Yeast growth and copper resistance assay
Yeast cells were grown at 30°C overnight in 125 µL of the YPD medium or SC medium supplemented with 2% glucose. The optical density at 620 nm (OD620) was measured on the following day using Absorbance 96 Plate Reader (Byonoy). Cultures were then adequately diluted and inoculated into 125 µL of fresh medium containing various concentrations of CuSO4 (0–15 mM). OD620 was recorded after 24 h of incubation and normalized to the growth in the medium without copper supplementation (0 mM CuSO4).
Genomic DNA extraction
For qPCR analysis, genomic DNA was extracted using the GC prep method (Blount et al., 2016). For nanopore sequencing, high-molecular-weight genomic DNA was extracted using the Monarch HMW DNA Extraction Kit for Tissue (New England Biolabs). To minimize DNA fragmentation, vortexing was avoided, and mixing was performed via gentle pipetting with wide-bore tips, as described previously (Takesue et al., 2025).
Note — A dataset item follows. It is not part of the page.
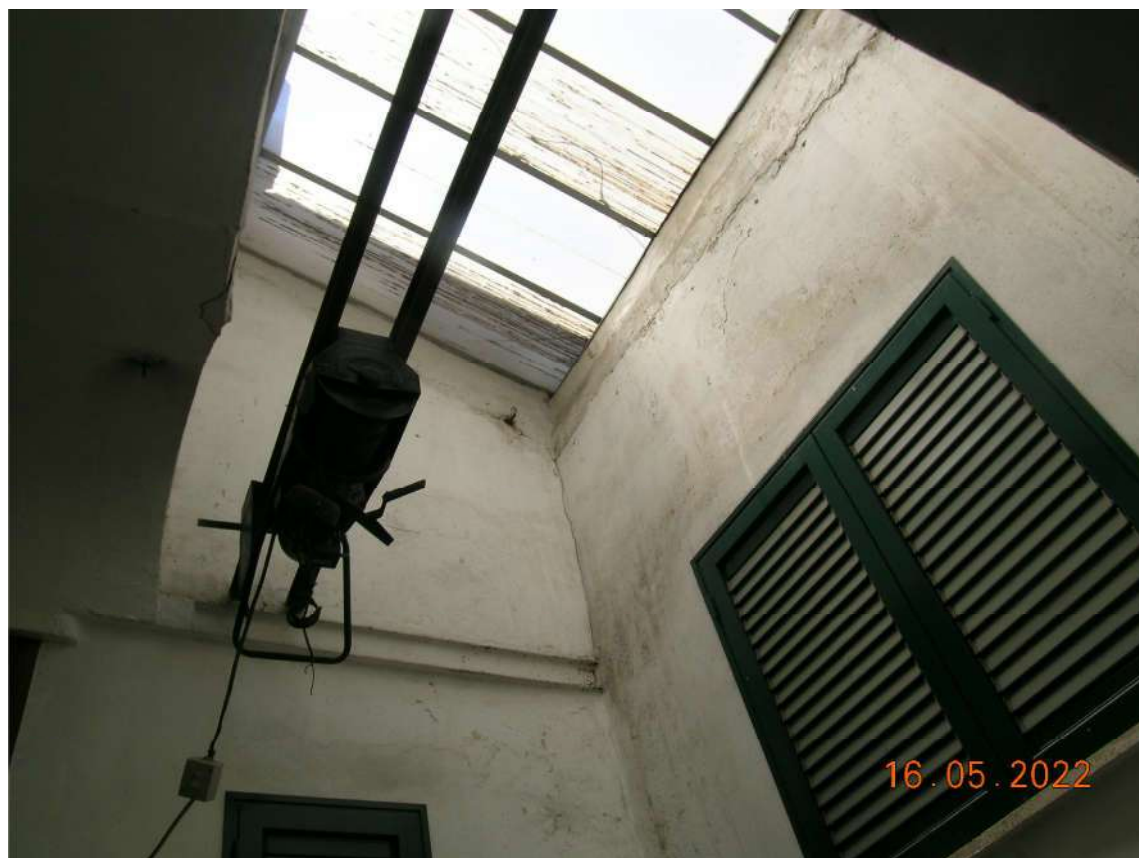
Chiostrina coperta del vano scala

RNA extraction and cDNA synthesis
Total RNA was extracted from up to 1×108 cells using the Quick-RNA Fungal/Bacterial Miniprep Kit (Zymo Research) according to the manufacturer’s instructions. RNA concentration was determined using a Qubit 2.0 Fluorometer with the Qubit RNA BR Assay System (Thermo Fisher Scientific). Subsequently, 800 ng of total RNA was reverse-transcribed using random primers and the High-Capacity cDNA Reverse Transcription Kit (Thermo Fisher Scientific).
Quantitative PCR (qPCR)
Genomic DNA or cDNA was diluted 10-fold with distilled water prior to qPCR. Each reaction (20 μL) contained 2 μL of diluted DNA, 10 μL of KOD SYBR qPCR Mix (TOYOBO), 0.04 μL of 50× ROX Reference Dye (TOYOBO), and 2 pmol each of the forward and reverse primers (listed below). qPCR was performed in duplicate using the QuantStudio 3 Real-Time PCR System (Applied Biosystems). The thermal cycling conditions were as follows: initial denaturation at 98°C for 2 min, followed by 40 cycles of 98°C for 10 s, 55°C for 10 s, and 68°C for 30 s. Standard curves were generated for each run using 10-fold serial dilutions. CUP1 levels were normalized to ACT1. The CUP1 copy number in the standard curves was calibrated based on nanopore sequencing results of the BY4741 strain.
Nanopore sequencing
DNA libraries for whole-genome sequencing were prepared using the Ligation Sequencing Kit (SQK-LSK114, Oxford Nanopore Technologies) and the Native Barcoding Kit (SQK-NBD114, Oxford Nanopore Technologies). The manufacturer's protocol was modified to preserve DNA integrity and improve efficiency: DNA fragmentation was omitted; enzymatic repair (20°C and 65°C) and ligation steps were extended to 30 min each; and the elution time with 0.4× AMPure XP beads was extended to 20 min. Libraries were sequenced on a PromethION 2 Solo sequencer using FLO-PRO114M (R10.4.1) flow cells. MinKNOW software was used for device control, with a run time of 72 h. Basecalling was performed using Dorado v0.7.3, and data quality was assessed using NanoPlot (https://github.com/wdecoster/NanoPlot). All raw sequencing data were deposited with links to BioProject PRJDB40683 in the DDBJ BioProject database.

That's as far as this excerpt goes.